Sum up the values based on conditions coming form list and dict-CodePudding

I have min 12 periods in list, these are not fixed might have more based on the selected product. Also, I have a dict which has period as key and products as list of values.

{
    "20191": ["prod1","prod2","prod3"],
    "20192": ["prod2","prod3"],
    "20193": ["prod2"]
}

II need to select the data based on period and compute the sum of the respective period, amount.

sample_data

period	product	amount
20191	prod1	30
20192	prod1	30
20191	prod2	20
20191	prod3	60
20193	prod1	30
20193	prod2	30

output

period	product	amount
20191	prod1	110
20192		0
20193	prod3	30

Basically, for each of the period, select only those products from the dict, and sum it up.

My code which is taking lot of time:

list_series = []
df = spark.read.csv(path,header=True)
periods = df.select("period").distinct().collect()
for period in periods:
  df1 = df.filter(f"period = {period}").filter(F.col("product").isin(dict["period"]).groupBy("priod","product").agg(F.sum("Amount").alias("Amount")
  list_series.append(df1)
dataframe = reduce(DataFrame.unionAll,list_series)

Is there any way, I can modify and increase the performance?

CodePudding user response：

Solution

Flatten the input dictionary into list of tuples then create a new spark dataframe called filters, then join this dataframe with the original one by columns periods and product, then groupby period and aggregate amount using sum

d = [(i, k) for k, v in dct.items() for i in v]
filters = spark.createDataFrame(d, schema=['product', 'period'])

(
    df
    .join(filters, on=['period', 'product'], how='right')
    .groupby('period')
    .agg(F.sum('amount').alias('amount'))
    .fillna(0)
)

Result

 ------ ------ 
|period|amount|
 ------ ------ 
| 20191|   110|
| 20192|     0|
| 20193|    30|
 ------ ------

CodePudding user response：

With the following input:

from pyspark.sql import functions as F
df = spark.createDataFrame(
    [('20191', 'prod1', 30),
     ('20192', 'prod1', 30),
     ('20191', 'prod2', 20),
     ('20191', 'prod3', 60),
     ('20193', 'prod1', 30),
     ('20193', 'prod2', 30)],
    ['period', 'product', 'amount'])

periods = ["20191", "20192", "20193"]
period_products = {
    "20191": ["prod1","prod2","prod3"],
    "20192": ["prod2","prod3"],
    "20193": ["prod2"]
}

To make your script more performant, you will need to remove steps which create several dfs FROM ONE and then union them all back together. Do it in one dataframe without splitting.

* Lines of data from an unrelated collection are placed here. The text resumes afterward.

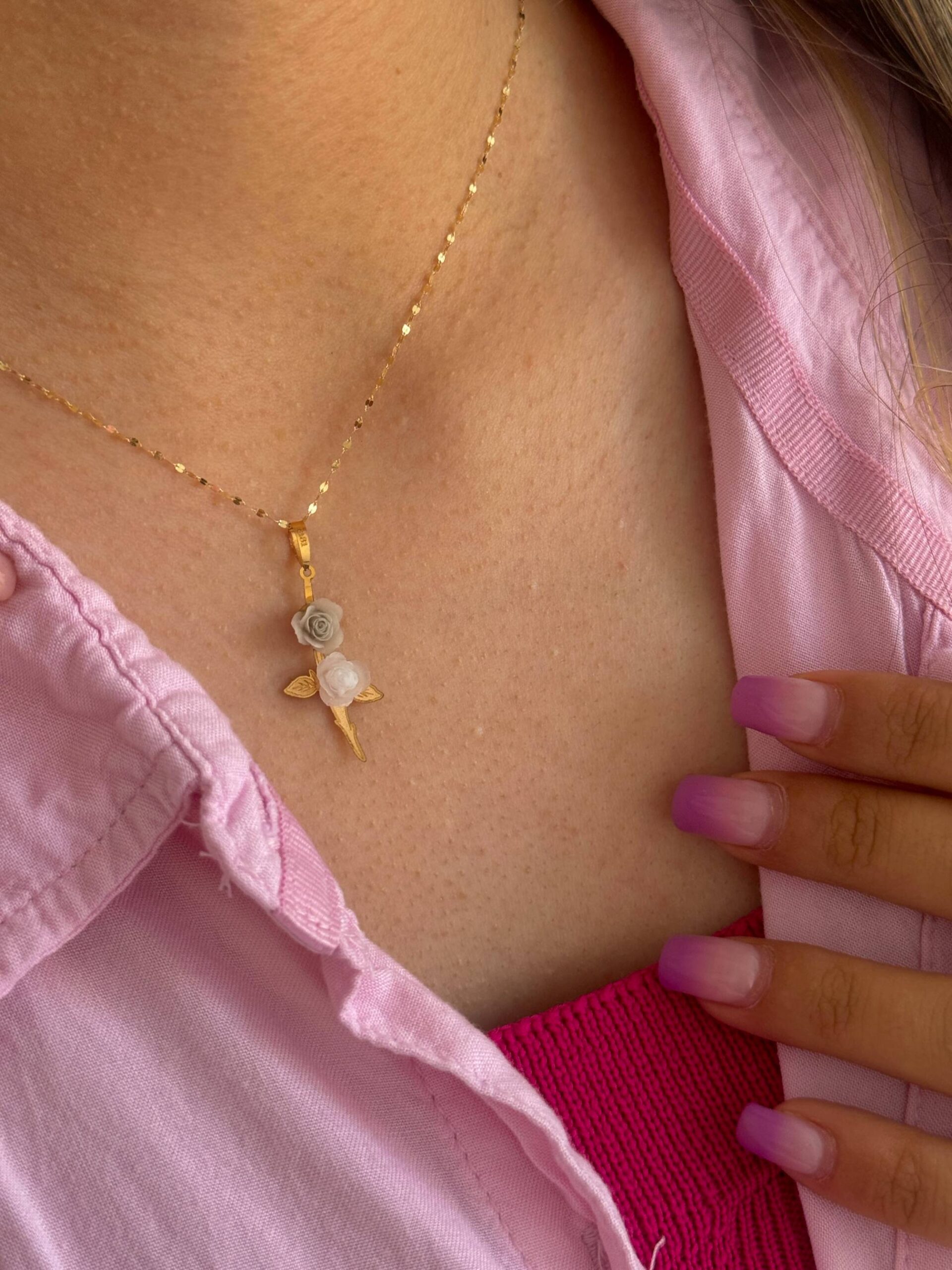هر دو گل از جنس گل چینی ظریف و دستساز هستند و با دقت بسیار بالا به شکل سهبعدی فرم داده شدهاند. ترکیب این رنگها با طلای مات، حس زنانگی، لطافت و اصالت را بهخوبی تداعی میکند.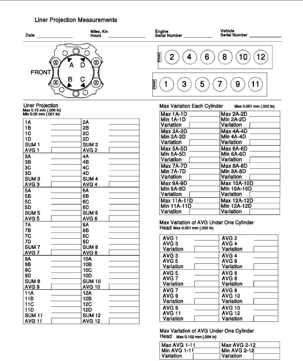• Page 55RENR9968-02 55 Testing and Adjusting Section The 8T-0455 Liner Projection Tool Group can be used to check the liner projection. Refer to Special Instruction, “Use of the 8T-0455 Liner Projection Tool Group” for more information on the use of the tool. g01388332 Illustration 46 Liner Projection Compo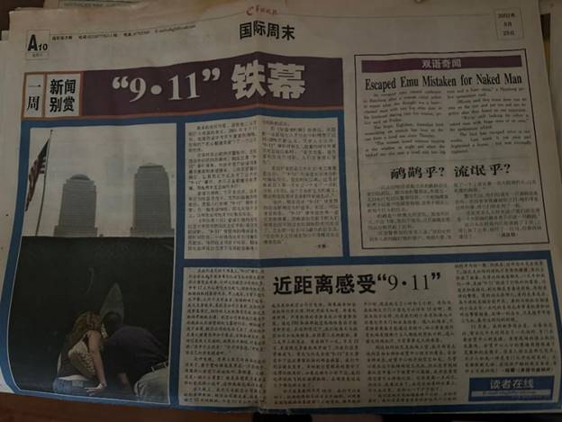 这篇文章是2002年911发生一年之前写的。当时投给了“人民日报”海外版和“羊城晚报”,都发表了。“人民日报”海外版是2002年9月11日发的。今天在书架上翻到了这张“羊城晚报” 。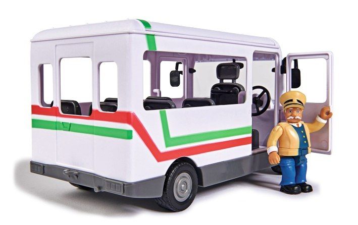 Trevorův autobus z oblíbeného seriálu Požárník Sam. Kapota motoru se při nárazu otevře a objeví se plameny. Otevírací dveře a střecha. Včetně figurky Trevora a dalšího příslušenství. Velikost 21 cm.

You can create the filter condition in Python, supply it to the filter function and then aggregate.

conds = [f"((period = '{p}') and (product ='{prod}'))" for p in periods for prod in period_products[p]]
cond = ' or '.join(conds)

df_periods = spark.createDataFrame([(periods,)]).select(
    F.explode('_1').alias('period')
)

df = (df_periods
    .join(df.filter(cond), 'period', 'left')
    .groupBy('period', 'product')
    .agg(F.sum('amount').alias('amount'))
)

df.show()
#  ------ ------- ------ 
# |period|product|amount|
#  ------ ------- ------ 
# | 20191|  prod3|    60|
# | 20191|  prod2|    20|
# | 20191|  prod1|    30|
# | 20193|  prod2|    30|
# | 20192|   null|  null|
#  ------ ------- ------